Defendant argues the amended judgment of conviction was entered without him having the chance to be heard and he claims this violated our ruling on direct appeal. He also argues his sentence is illegal as it was imposed in violation of guidelines governing consecutive sentences. Lastly, he asks for a fair sentence which would not call for further imprisonment. He believes he should be sentenced anew and that an updated presentence report should be prepared given the passage of time. He further contends aggravating factors three and nine no longer apply and that mitigating factors eight and nine apply.
The State insists defendant's motion is time-barred under Rule 3:21-10(a) and that no exception found in Rule 3:21-10(b) applies to his circumstances. We agree.
Rule 3:21-10 provides:
(a) Time. Except as provided in paragraph (b) hereof, a motion to reduce or change a sentence shall be filed not later than [sixty] days after the date of the judgment of conviction. The court may reduce or change a sentence, either on motion or on its own initiative, by order entered within [seventy-five] days from the date of the judgment of conviction and not thereafter.

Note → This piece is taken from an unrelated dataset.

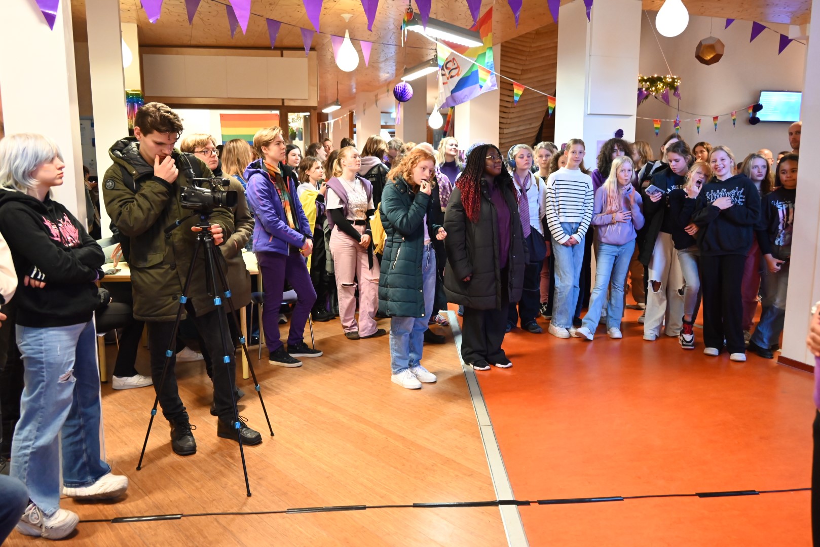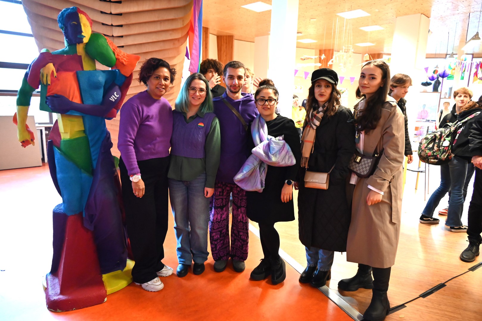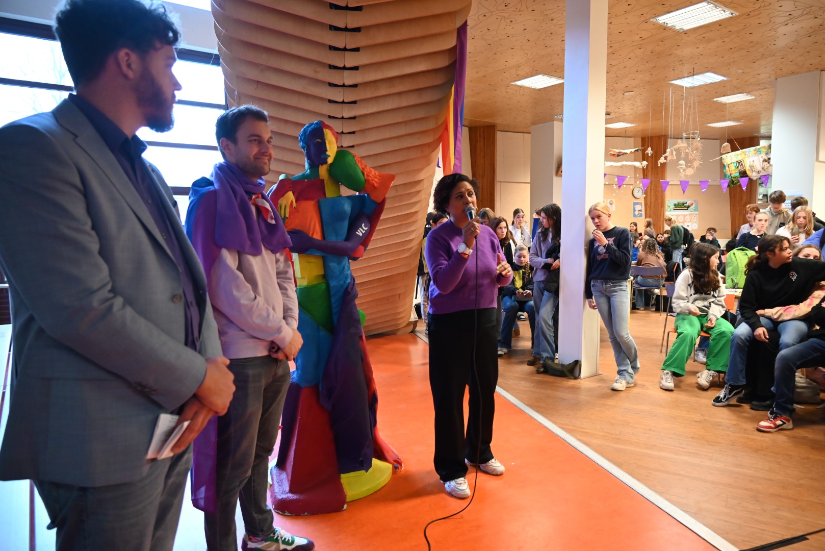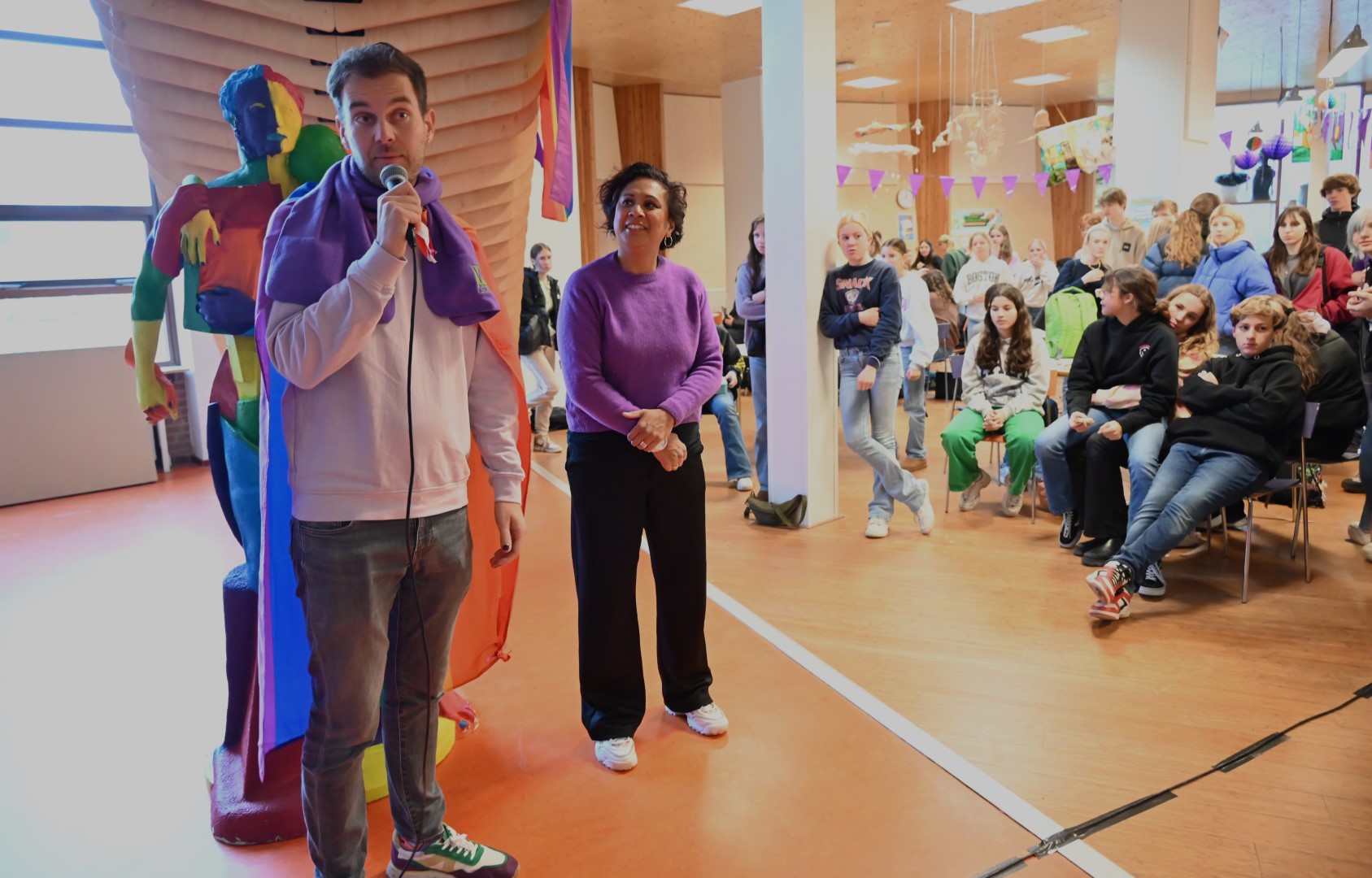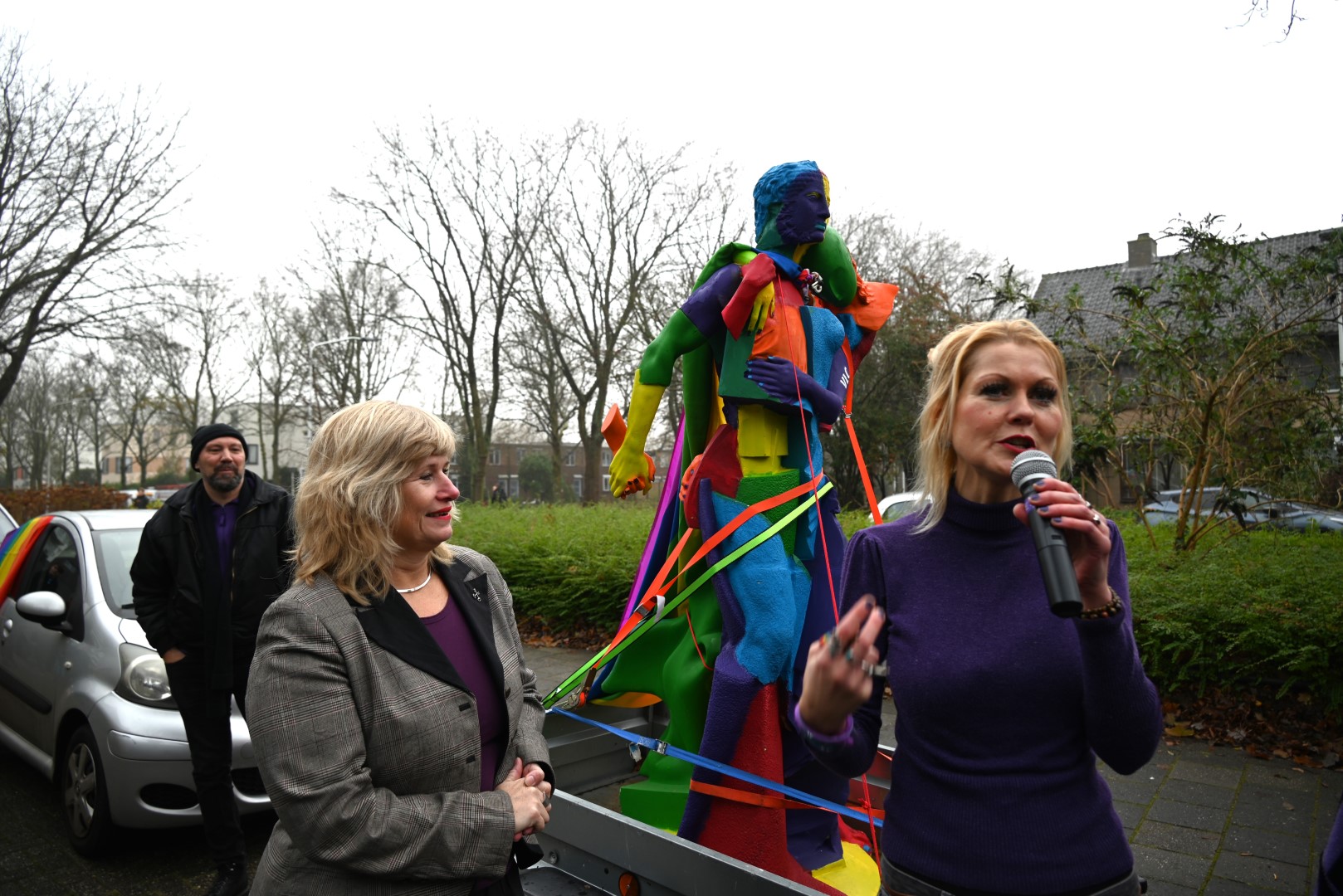 Dat is dan ook hoe het beeld vrijdag op het Marecollege terecht is gekomen. De datum is niet willekeurig gekozen. Deze dag is het Paarse Vrijdag, waar mensen solidariteit tonen met de lhbtiq+-gemeenschap door het dragen van paarse kleding. Sander Roodink, de rector van het Marecollege is blij dat het beeld het komende jaar te zien is op zijn school. “Onze GSA is altijd al een actieve club geweest binnen de school maar het is fijn om te zien dat dit beeld hier nog meer aandacht voor genereert.”

(b) Exceptions. A motion may be filed and an order may be entered at any time (1) changing a custodial sentence to permit entry of the defendant into a custodial or non-custodial treatment or rehabilitation program for drug or alcohol abuse, or (2) amending a custodial sentence to permit the release of a defendant because of illness or infirmity of the defendant, or (3) changing a sentence for good cause shown upon the joint application of the defendant and prosecuting attorney, or (4) changing a sentence as authorized by the Code of Criminal Justice, or (5) correcting a sentence not authorized by law including the Code of Criminal Justice, or (6) changing a custodial sentence to permit entry into the Intensive Supervision Program, or (7) changing or reducing a sentence when a prior conviction has been reversed on appeal or vacated by collateral attack.
Here, defendant's motion for a change of sentence is out of time under Rule 3:21-10(a). His application was filed well past the sixty-day deadline following the entry of his amended judgment of conviction and that deadline is not enlargeable. R. 1:3-4(c). Moreover, the defendant need not be present for the decision on a Rule 3:21-10 application. R. 3:16.
Next, defendant does not advance any legitimate argument to allow for an exception under Rule 3:21-10(b). Certainly, defendant's sentence is not illegal. Additionally, an excessive but legal sentence does not fall within Rule 3:21-10(b)(5). Mere excessiveness of sentence, otherwise within authorized limits, can only be raised on direct appeal. State v. Flores, 228 N.J. Super. 586, 592 (App. Div. 1988) (quoting State v. Clark, 65 N.J. 426, 437 (1974)); see also State v. Acevedo, 205 N.J. 40, 46 (2011).
Even though we remanded for a corrected judgment of conviction in 2004, this court held on direct appeal that defendant's consecutive sentences were legally imposed. He may not re-litigate that ruling. R. 3:22-5. Additionally, defendant provides no explanation for waiting until 2017 to challenge his sentence. Although he complains he was entitled to a hearing when we remanded for a correction of the judgment of conviction, we compelled no such hearing. Our decision merely allowed defendant to ask for reconsideration of his sentence as outlined in our remand opinion. We did not require the sentencing judge to wait to see if defendant filed a motion for reconsideration before the sentencing judge corrected his judgment.
As defendant is time-barred to move for a change of his sentence under Rule 3:21-10(a) and none of the exceptions noted in (b) of that Rule apply, the trial court, in its thorough and well-reasoned opinion, correctly denied defendant's belated motion.
Affirmed. I hereby certify that the foregoing is a true copy of the original on file in my office.